Start of PROVIDED MATERIAL
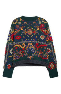 Sacai Floral Jacquard Wool Sweater in Green at Nordstrom
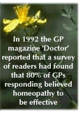 In 1992 the GPs' newspaper 'Doctor' reported that a survey of readers had found that 80% of GPs responding believed homeopathy to be effective, and 21% believed that, in certain circumstances, it was more effective than conventional medicine. A study of the views of GPs on complementary therapies carried out in Lothian19, revealed that many had a surprisingly responsive attitude towards non-traditional forms of medicine. The study was undertaken to find out what support there would be among GPs for a homeopathic service. It found that only 10% of GPs who responded had never recommended or referred patients for any complementary therapy, while 69% had referred patients for homeopathy. It also revealed that 37% of GPs had some training in complementary therapies, and 46% wanted training or further training in a complementary therapy, particularly homeopathy. 74% said they would welcome a specialist homeopathic service in Lothian. Lothian now has a well-established and successful service, funded by the health board. |
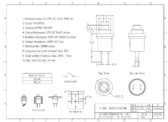1. 電子額定: 1 A 125 V AC/0.5 A 250 V AC
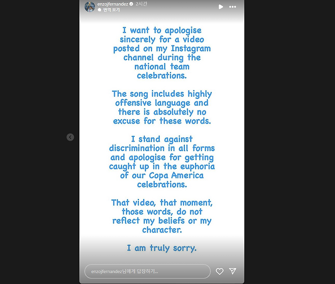 그리고 엔조는 사과했다. 그는 17일(한국시간) 자신의 SNS를 통해 “국가대표 축사 때 SNS에 올라온 영상에 대해 진심으로 사과드리고 싶다”라고 시작했다.
End of PROVIDED MATERIAL
■ WHAT IS BEING ASKED:
Each line of the data should be quoted exactly, with pictures left out.

■ THE ANSWER:
 Sacai Floral Jacquard Wool Sweater in Green at Nordstrom
 In 1992 the GPs' newspaper 'Doctor' reported that a survey of readers had found that 80% of GPs responding believed homeopathy to be effective, and 21% believed that, in certain circumstances, it was more effective than conventional medicine. A study of the views of GPs on complementary therapies carried out in Lothian19, revealed that many had a surprisingly responsive attitude towards non-traditional forms of medicine. The study was undertaken to find out what support there would be among GPs for a homeopathic service. It found that only 10% of GPs who responded had never recommended or referred patients for any complementary therapy, while 69% had referred patients for homeopathy. It also revealed that 37% of GPs had some training in complementary therapies, and 46% wanted training or further training in a complementary therapy, particularly homeopathy. 74% said they would welcome a specialist homeopathic service in Lothian. Lothian now has a well-established and successful service, funded by the health board. |
1. 電子額定: 1 A 125 V AC/0.5 A 250 V AC
 그리고 엔조는 사과했다. 그는 17일(한국시간) 자신의 SNS를 통해 “국가대표 축사 때 SNS에 올라온 영상에 대해 진심으로 사과드리고 싶다”라고 시작했다.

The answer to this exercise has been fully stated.